**PROBLEM TO WORK ON:** Your copy should hold the lines below from the first through the one that contains "din PE robust", each retyped exactly, and no pictures.

**AVAILABLE DATA:**
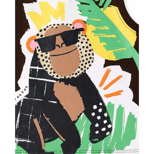 White knit t-shirt with monkey print for boys.Collection: Banana RecordsCategory: T-shirts..
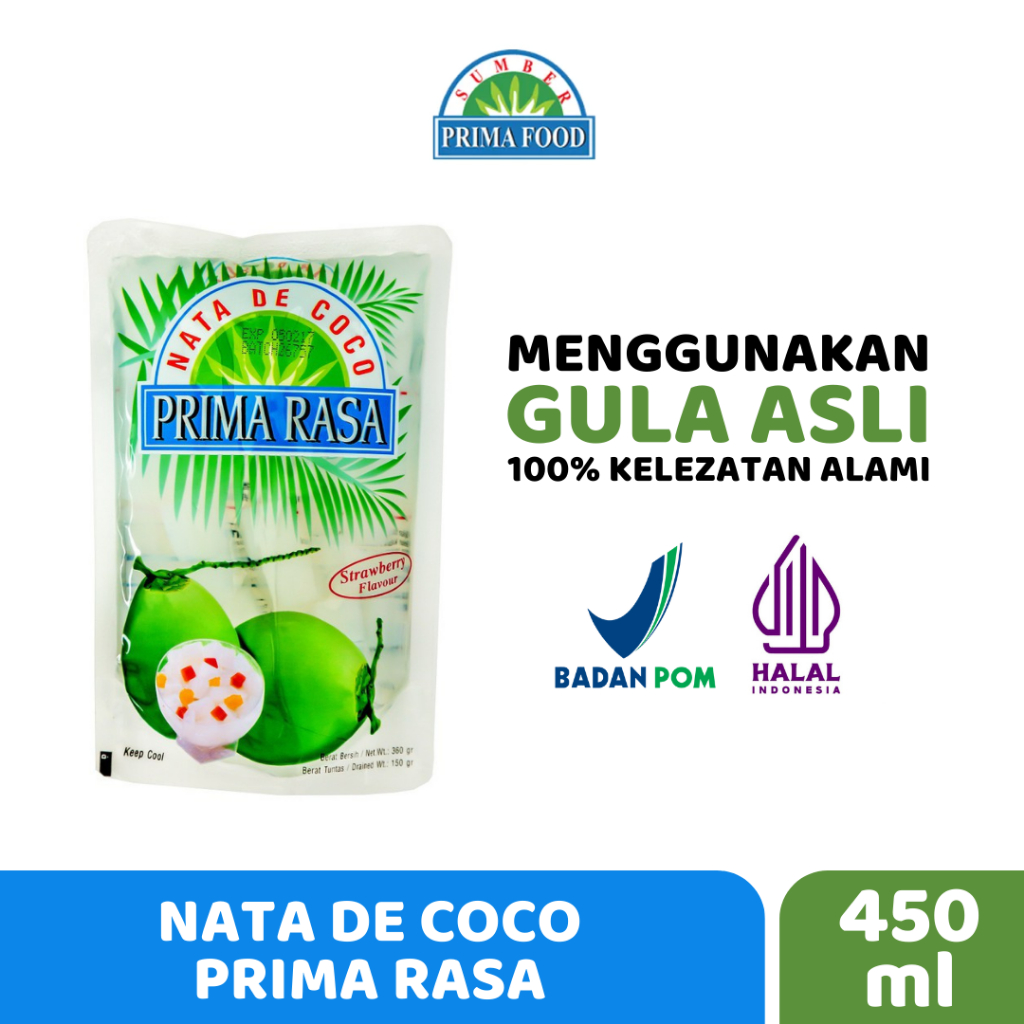 Nata de Coco Prima Rasa terbuat dari air kelapa. Sangat dianjurkan untuk dikonsumsi karena sehat dan kaya serat. Cocok untuk dikonsumsi dalam keadaan dingin untuk pencuci mulut, tajil setelah berpuasa maupun snack sehat sehari-hari.
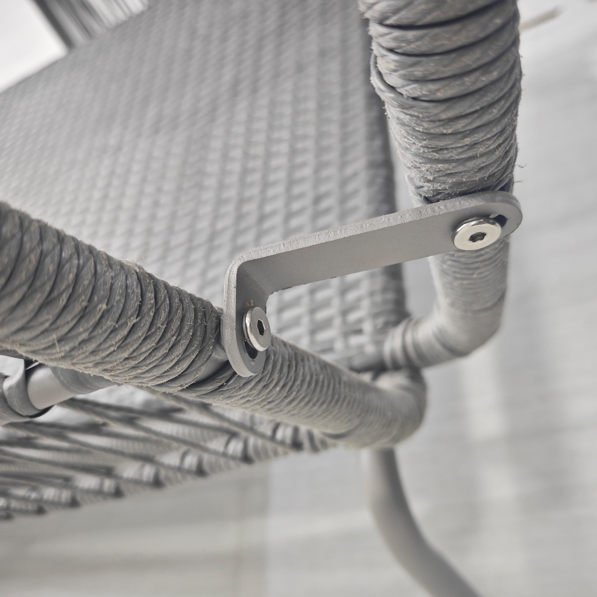 • • Cadru solid si durabil din otel cu ratan din PE robust
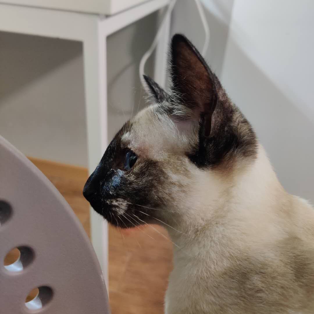 第二天我就一直在刷闲鱼,虽然闲鱼上买品种猫基本上都是宠物贩子,最后刷到一只对眼的暹罗。这只暹罗已经不算小了,接近六个月大(生日是2020年10月21日),不过从描述来看是家庭繁殖且打过疫苗、驱过虫,母亲是传统虎斑暹罗、父亲是红重点现代东短,会用猫砂、粘人。

**TASK OUTPUT:**
 White knit t-shirt with monkey print for boys.Collection: Banana RecordsCategory: T-shirts..
 Nata de Coco Prima Rasa terbuat dari air kelapa. Sangat dianjurkan untuk dikonsumsi karena sehat dan kaya serat. Cocok untuk dikonsumsi dalam keadaan dingin untuk pencuci mulut, tajil setelah berpuasa maupun snack sehat sehari-hari.
 • • Cadru solid si durabil din otel cu ratan din PE robust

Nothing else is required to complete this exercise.